▶ **ASSIGNMENT**
What you give back from the listing below should be an exact copy of the lines from the one with "트렌디 한 브랜드 반팔" down to the one with "正式开始直播,可点击右上角分享到社交圈,吸引更多人收听;", and it should contain no pictures.

▶ **THE DATA**
____________________

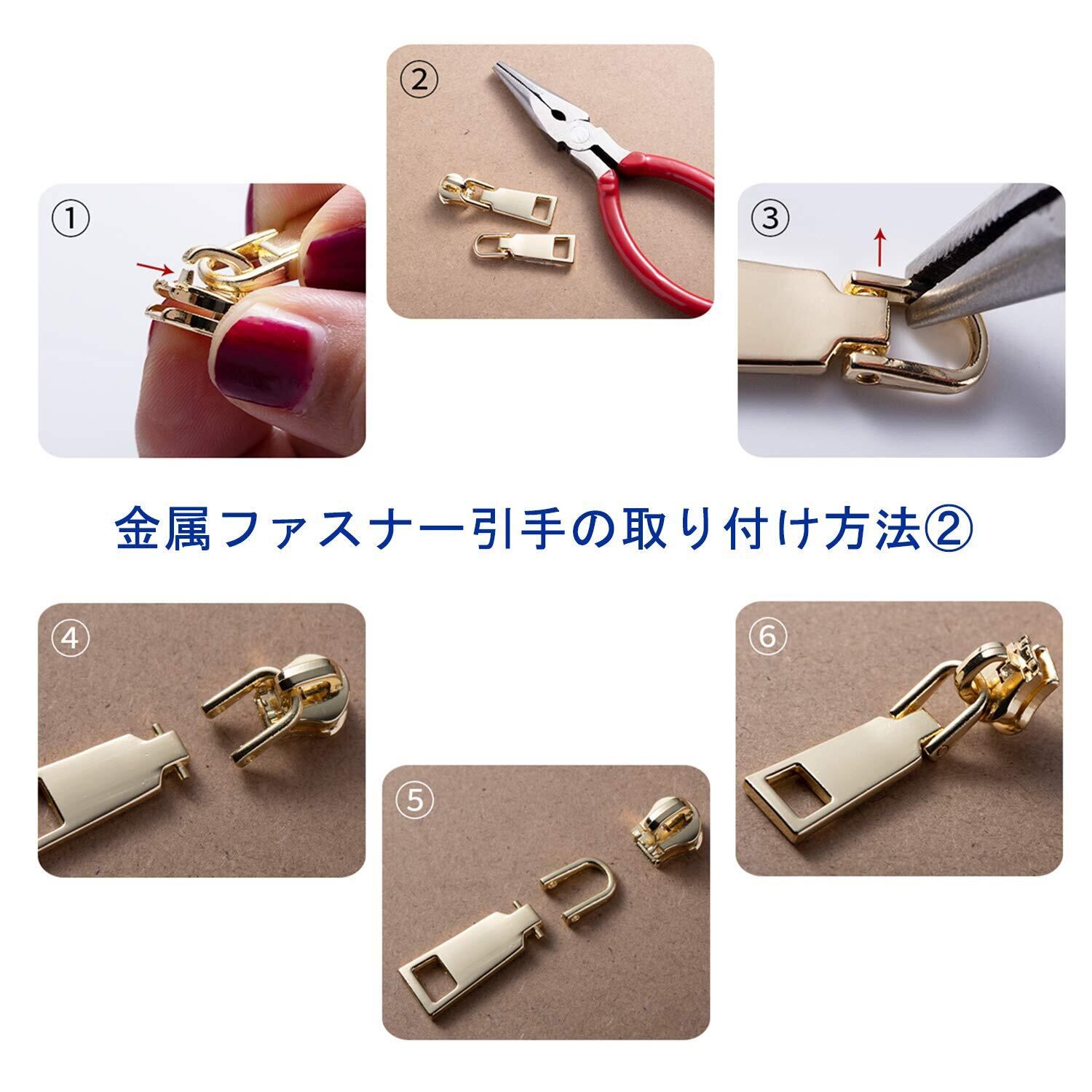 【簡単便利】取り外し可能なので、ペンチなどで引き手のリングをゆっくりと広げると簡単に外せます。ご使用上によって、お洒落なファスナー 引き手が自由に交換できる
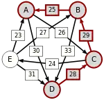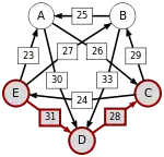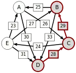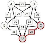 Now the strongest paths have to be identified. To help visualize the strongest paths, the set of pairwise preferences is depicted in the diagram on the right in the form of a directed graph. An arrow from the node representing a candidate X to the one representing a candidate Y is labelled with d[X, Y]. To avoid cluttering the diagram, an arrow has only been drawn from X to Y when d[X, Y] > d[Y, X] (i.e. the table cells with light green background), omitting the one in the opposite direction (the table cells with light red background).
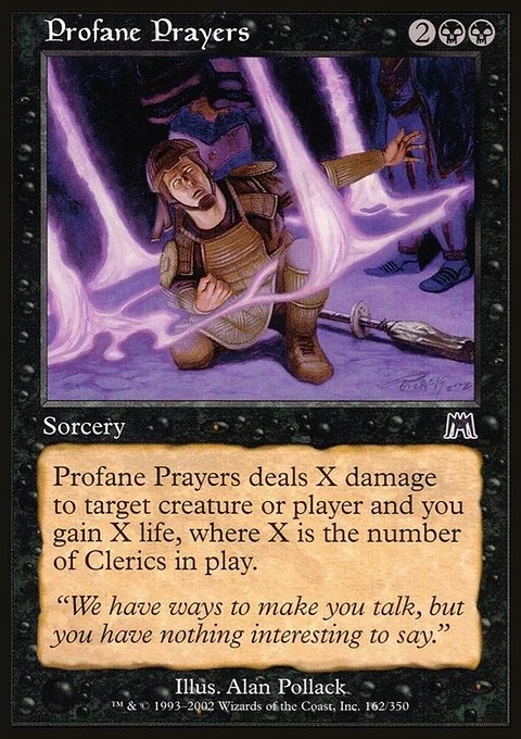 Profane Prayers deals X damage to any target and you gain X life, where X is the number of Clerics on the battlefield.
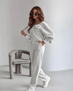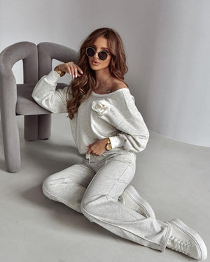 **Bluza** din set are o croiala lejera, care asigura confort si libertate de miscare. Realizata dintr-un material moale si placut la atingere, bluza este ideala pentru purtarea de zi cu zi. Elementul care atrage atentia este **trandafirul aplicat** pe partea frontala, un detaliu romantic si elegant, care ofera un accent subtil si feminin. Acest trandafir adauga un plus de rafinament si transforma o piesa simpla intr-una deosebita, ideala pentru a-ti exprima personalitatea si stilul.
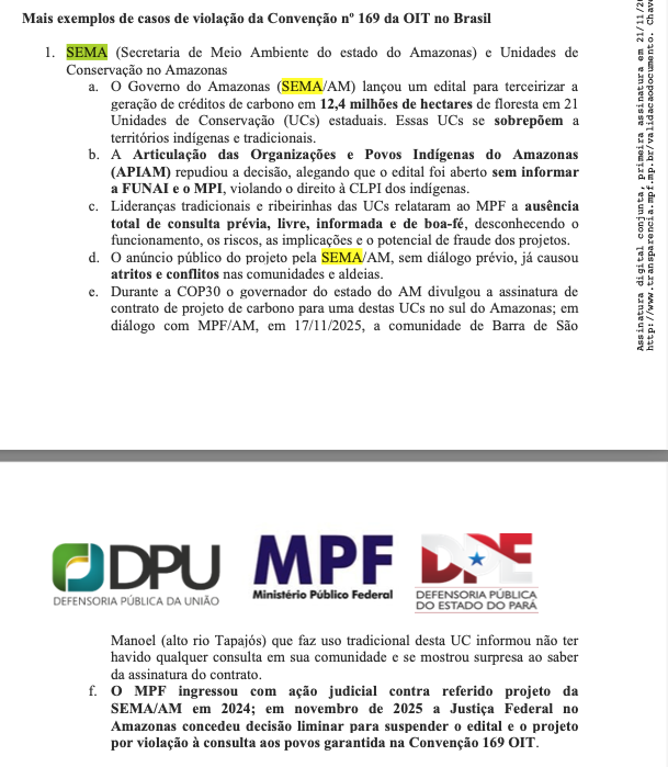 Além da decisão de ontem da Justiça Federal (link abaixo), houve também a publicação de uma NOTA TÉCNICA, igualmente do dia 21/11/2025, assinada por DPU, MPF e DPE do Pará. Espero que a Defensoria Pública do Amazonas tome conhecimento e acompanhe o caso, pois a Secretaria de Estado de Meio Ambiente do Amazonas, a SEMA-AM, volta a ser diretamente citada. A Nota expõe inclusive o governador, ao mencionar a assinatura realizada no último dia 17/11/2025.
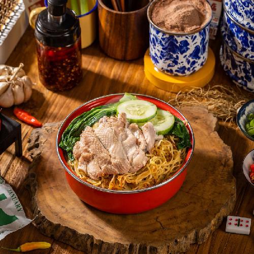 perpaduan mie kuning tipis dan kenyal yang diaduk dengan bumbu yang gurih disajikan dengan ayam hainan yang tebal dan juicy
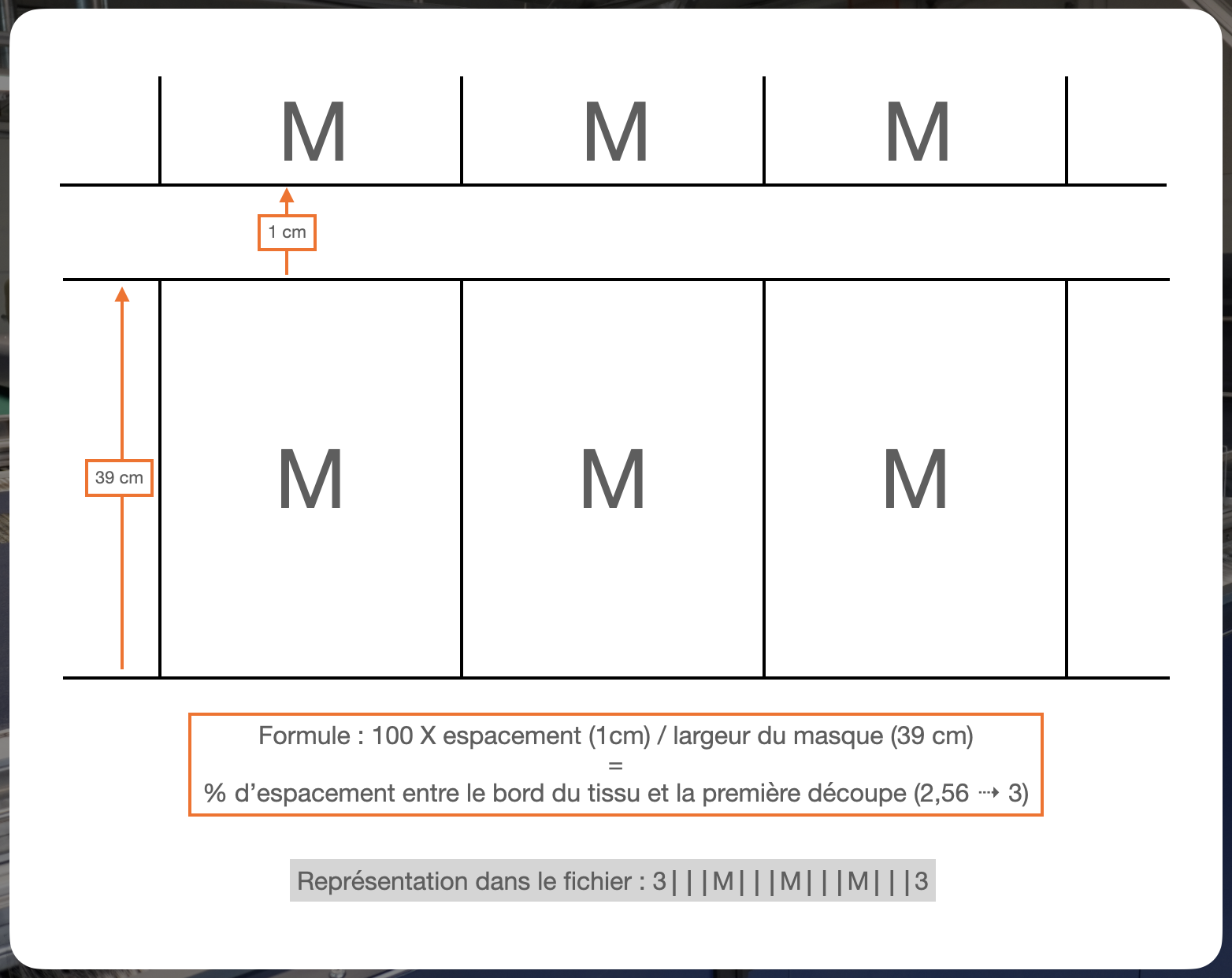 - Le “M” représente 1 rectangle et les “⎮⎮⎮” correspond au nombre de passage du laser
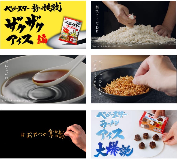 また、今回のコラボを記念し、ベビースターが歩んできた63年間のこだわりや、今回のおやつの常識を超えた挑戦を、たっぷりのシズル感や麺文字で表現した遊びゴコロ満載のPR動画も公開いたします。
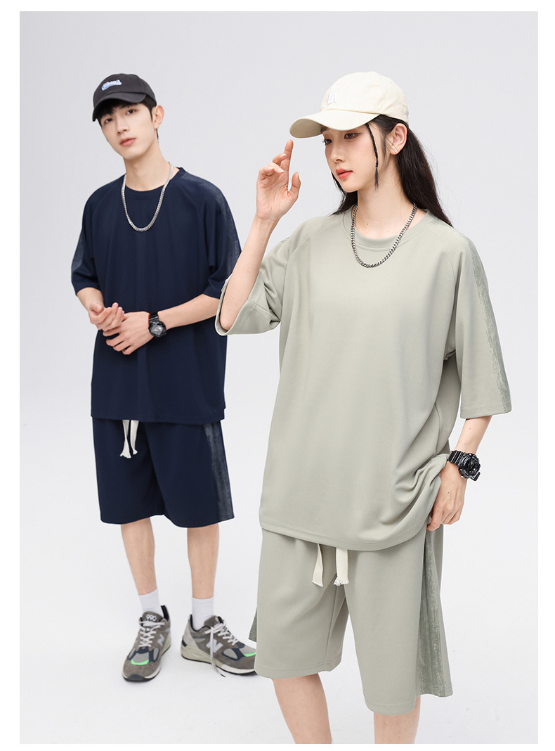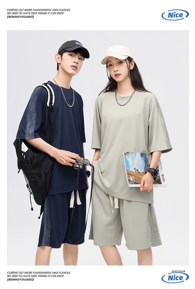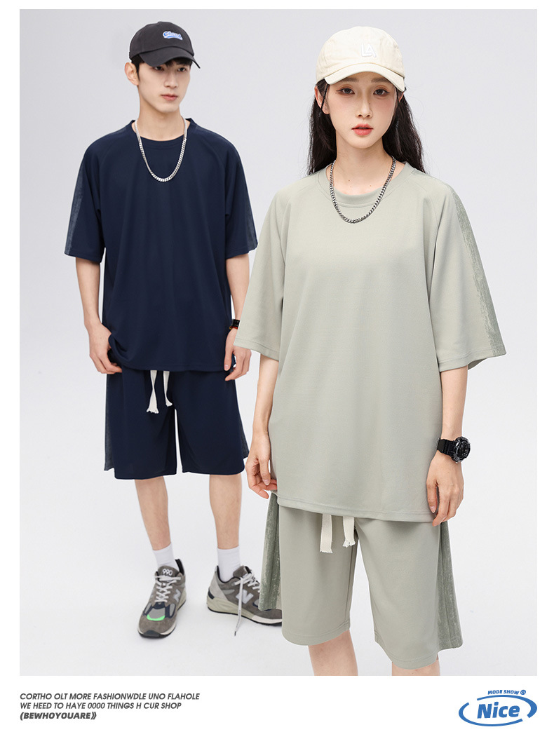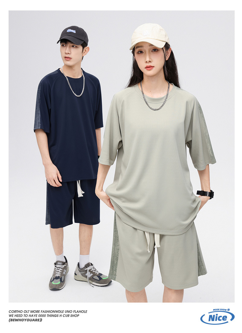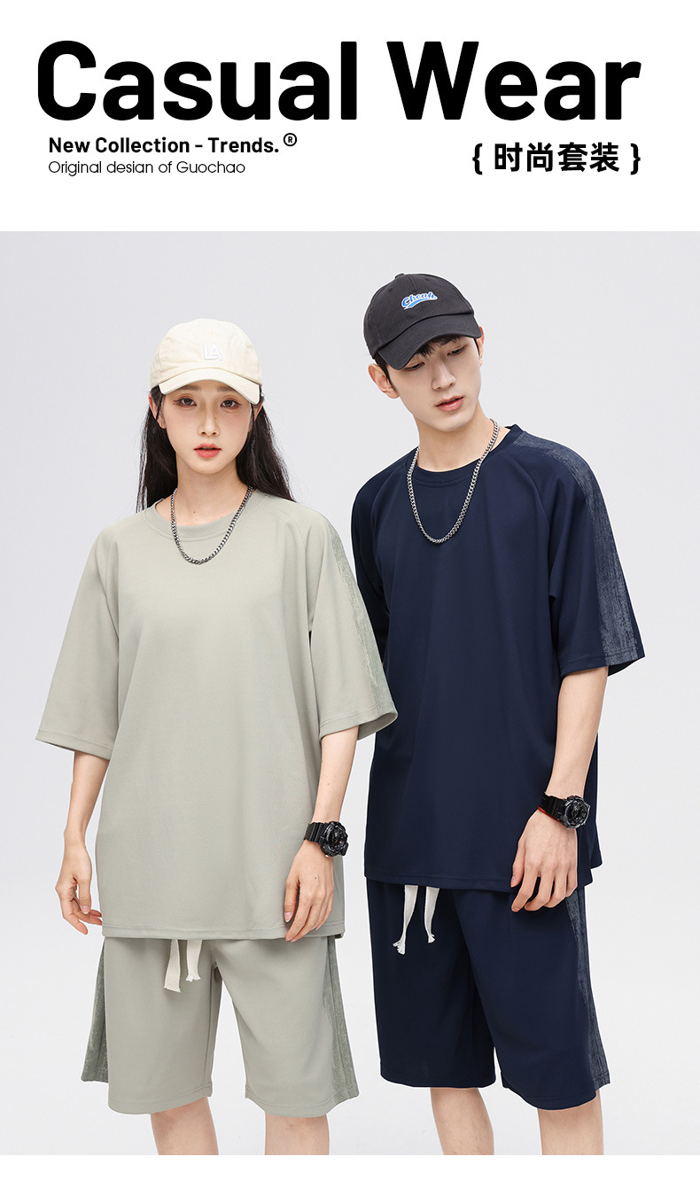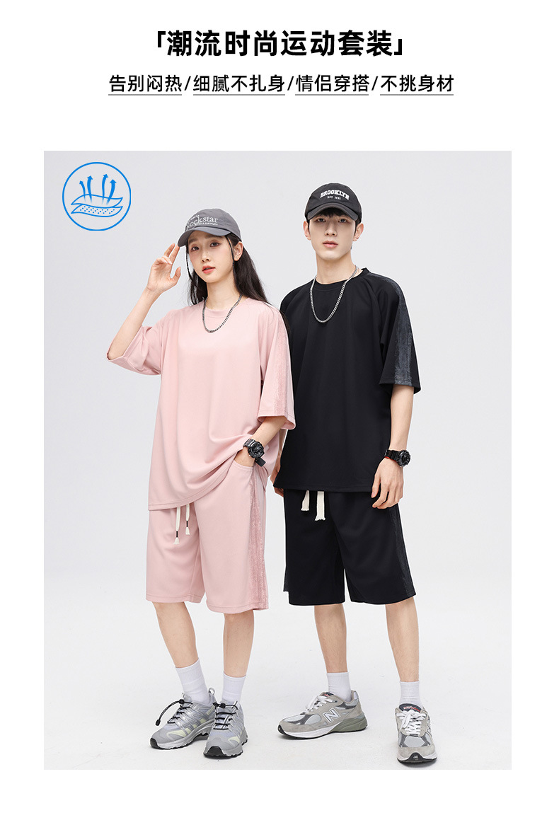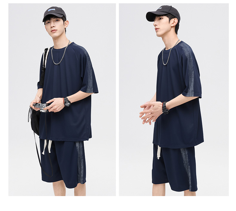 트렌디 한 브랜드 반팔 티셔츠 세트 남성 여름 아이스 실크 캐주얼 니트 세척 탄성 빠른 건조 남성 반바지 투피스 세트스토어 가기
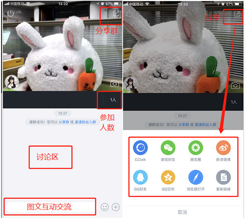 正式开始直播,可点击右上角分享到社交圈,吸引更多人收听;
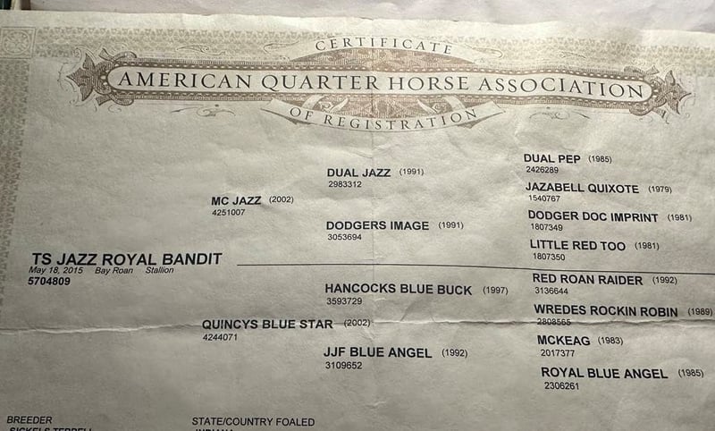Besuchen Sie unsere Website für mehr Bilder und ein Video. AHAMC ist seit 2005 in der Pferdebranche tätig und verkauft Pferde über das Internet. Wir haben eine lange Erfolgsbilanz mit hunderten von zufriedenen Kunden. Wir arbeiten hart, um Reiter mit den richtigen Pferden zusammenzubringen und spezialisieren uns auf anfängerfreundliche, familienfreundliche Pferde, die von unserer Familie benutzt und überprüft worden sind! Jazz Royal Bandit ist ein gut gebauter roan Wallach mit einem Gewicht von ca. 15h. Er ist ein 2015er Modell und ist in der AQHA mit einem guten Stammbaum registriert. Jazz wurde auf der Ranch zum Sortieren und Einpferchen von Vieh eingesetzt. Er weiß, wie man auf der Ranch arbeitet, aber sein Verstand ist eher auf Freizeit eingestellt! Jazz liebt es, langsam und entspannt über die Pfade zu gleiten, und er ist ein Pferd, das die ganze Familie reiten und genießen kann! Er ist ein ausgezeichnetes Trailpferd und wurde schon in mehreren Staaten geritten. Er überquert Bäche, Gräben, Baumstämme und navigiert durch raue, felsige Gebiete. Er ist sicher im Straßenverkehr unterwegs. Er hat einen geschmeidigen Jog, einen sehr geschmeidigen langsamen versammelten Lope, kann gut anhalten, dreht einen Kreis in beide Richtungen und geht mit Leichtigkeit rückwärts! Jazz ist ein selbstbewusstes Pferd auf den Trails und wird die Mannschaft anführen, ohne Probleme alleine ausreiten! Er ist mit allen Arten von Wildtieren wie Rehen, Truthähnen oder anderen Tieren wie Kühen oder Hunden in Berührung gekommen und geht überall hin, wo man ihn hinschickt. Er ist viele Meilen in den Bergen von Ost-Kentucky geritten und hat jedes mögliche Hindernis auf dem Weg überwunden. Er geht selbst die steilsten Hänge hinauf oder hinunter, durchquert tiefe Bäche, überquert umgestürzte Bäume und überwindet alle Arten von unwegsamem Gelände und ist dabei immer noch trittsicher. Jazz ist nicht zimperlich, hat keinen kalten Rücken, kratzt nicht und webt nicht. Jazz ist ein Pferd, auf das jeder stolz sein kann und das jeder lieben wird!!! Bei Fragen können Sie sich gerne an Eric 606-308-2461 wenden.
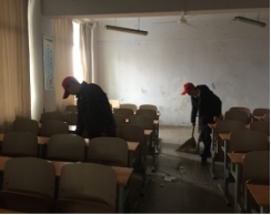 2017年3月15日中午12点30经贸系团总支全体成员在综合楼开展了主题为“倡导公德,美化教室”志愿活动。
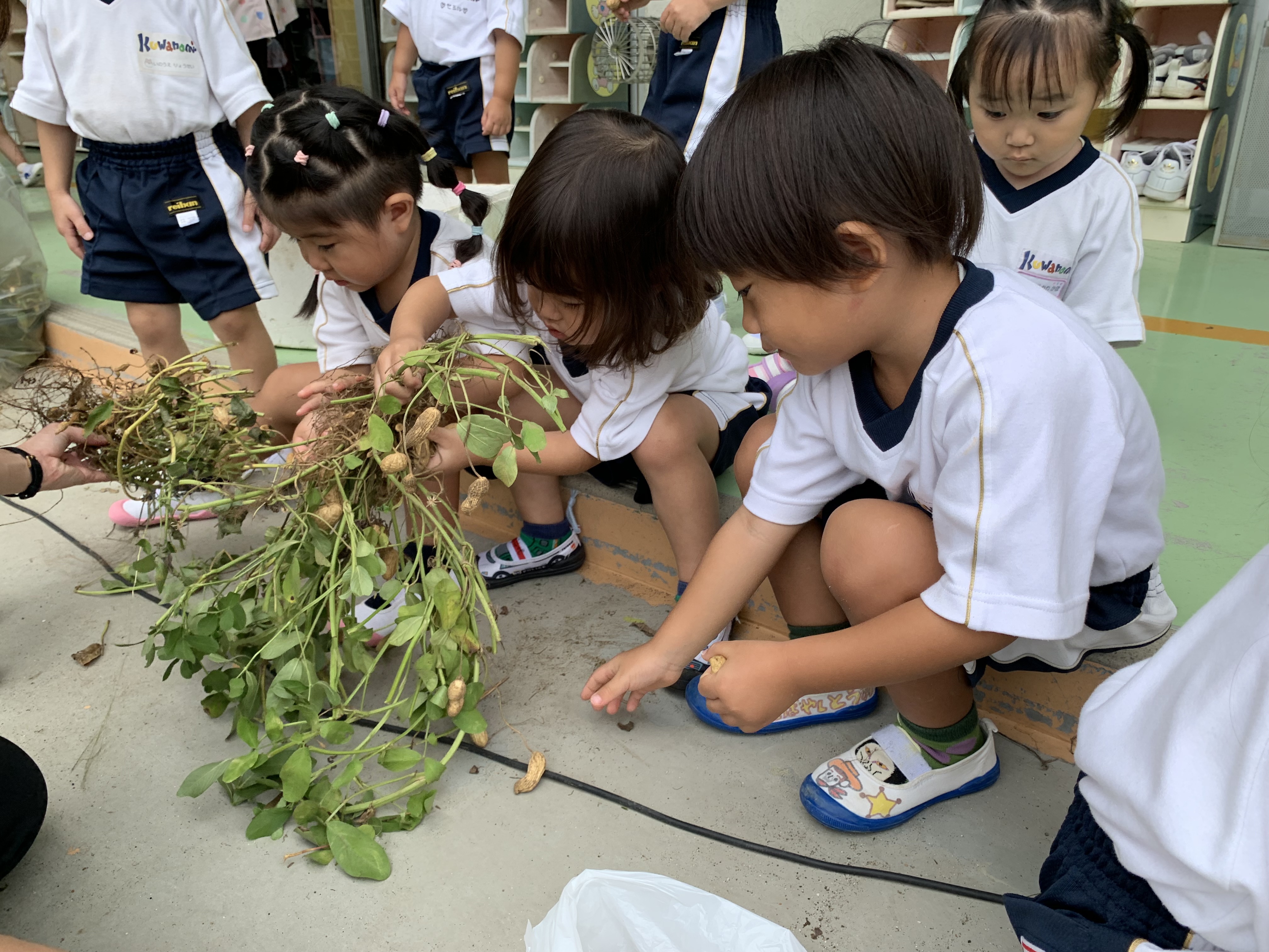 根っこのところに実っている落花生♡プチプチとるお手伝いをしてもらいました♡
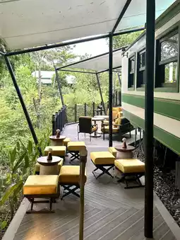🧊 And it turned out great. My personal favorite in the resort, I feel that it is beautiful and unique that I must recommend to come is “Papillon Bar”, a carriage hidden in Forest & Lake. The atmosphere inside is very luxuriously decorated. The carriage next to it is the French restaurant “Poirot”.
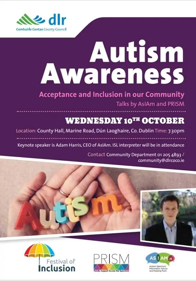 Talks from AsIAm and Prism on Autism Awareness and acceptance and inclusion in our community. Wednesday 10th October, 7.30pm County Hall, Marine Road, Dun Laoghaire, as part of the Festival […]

____________________

▶ **OUTPUT BELOW**
 트렌디 한 브랜드 반팔 티셔츠 세트 남성 여름 아이스 실크 캐주얼 니트 세척 탄성 빠른 건조 남성 반바지 투피스 세트스토어 가기
 正式开始直播,可点击右上角分享到社交圈,吸引更多人收听;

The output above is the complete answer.